Segment Open

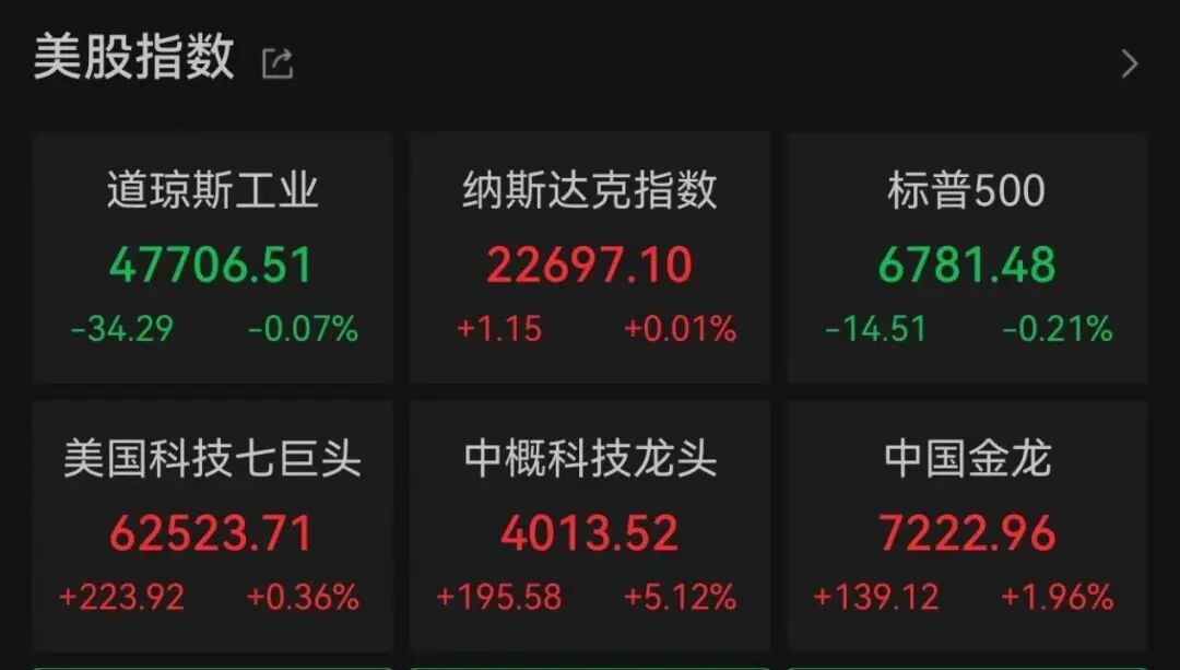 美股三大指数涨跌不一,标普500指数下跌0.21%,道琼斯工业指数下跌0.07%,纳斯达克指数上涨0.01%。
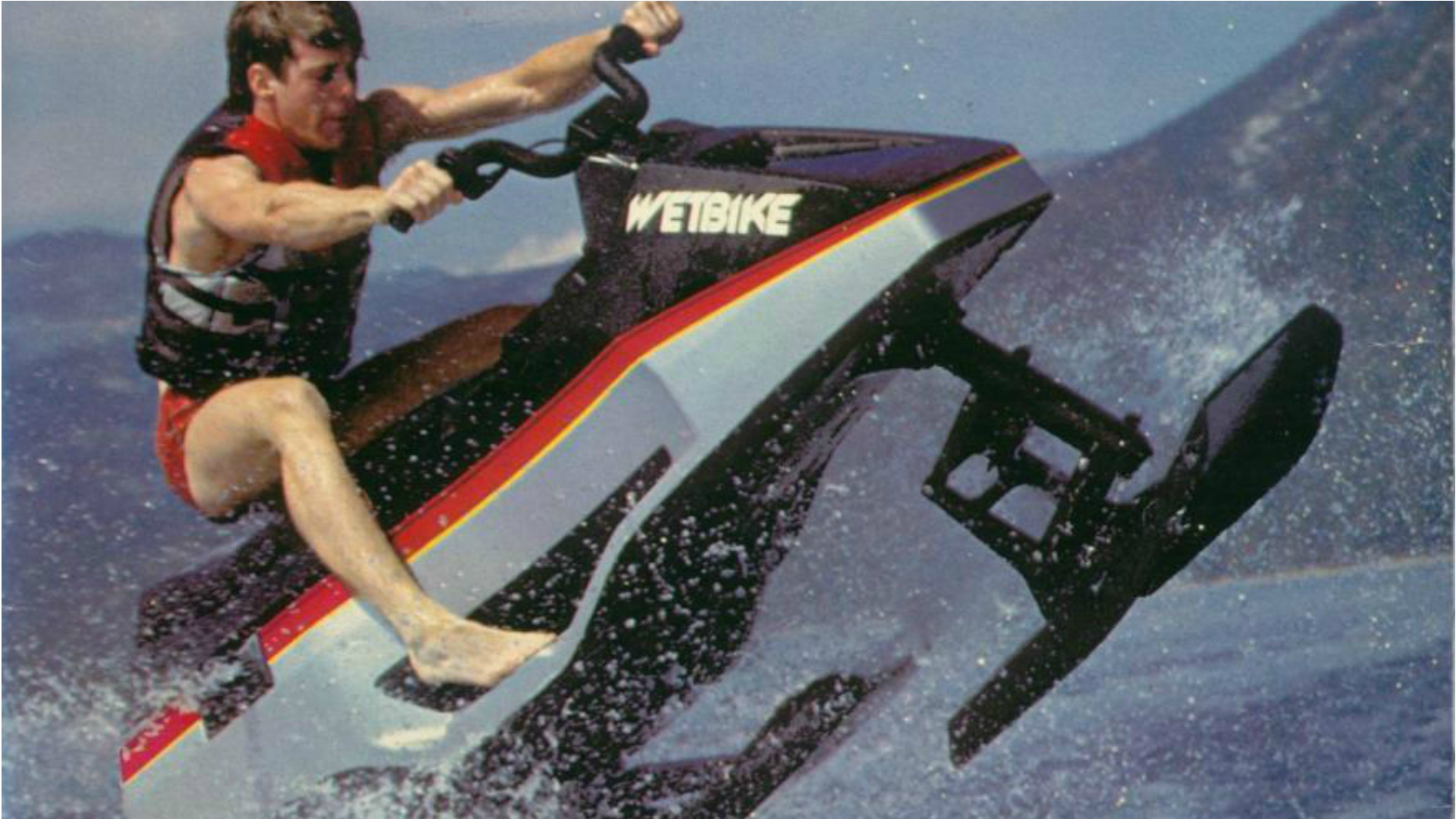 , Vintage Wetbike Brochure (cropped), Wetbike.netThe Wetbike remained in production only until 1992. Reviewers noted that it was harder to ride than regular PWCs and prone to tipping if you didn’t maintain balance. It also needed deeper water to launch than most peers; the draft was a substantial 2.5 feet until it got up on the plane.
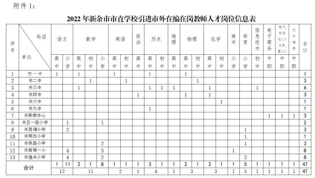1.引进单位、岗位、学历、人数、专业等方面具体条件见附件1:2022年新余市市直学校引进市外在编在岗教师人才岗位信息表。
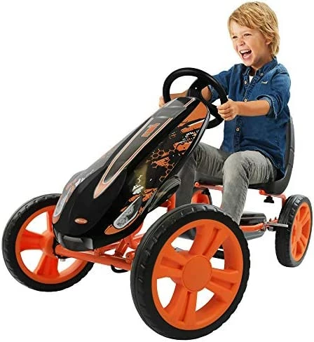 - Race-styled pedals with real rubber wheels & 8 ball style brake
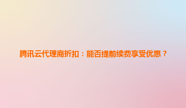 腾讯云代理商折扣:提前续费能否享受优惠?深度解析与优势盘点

Segment Closed

== EXERCISE BRIEF ==
From the line containing "- Race-styled pedals" down to the last line of the data above, transcribe exactly those lines and no others; omit the pictures.

== ANSWER BOX ==
 - Race-styled pedals with real rubber wheels & 8 ball style brake
 腾讯云代理商折扣:提前续费能否享受优惠?深度解析与优势盘点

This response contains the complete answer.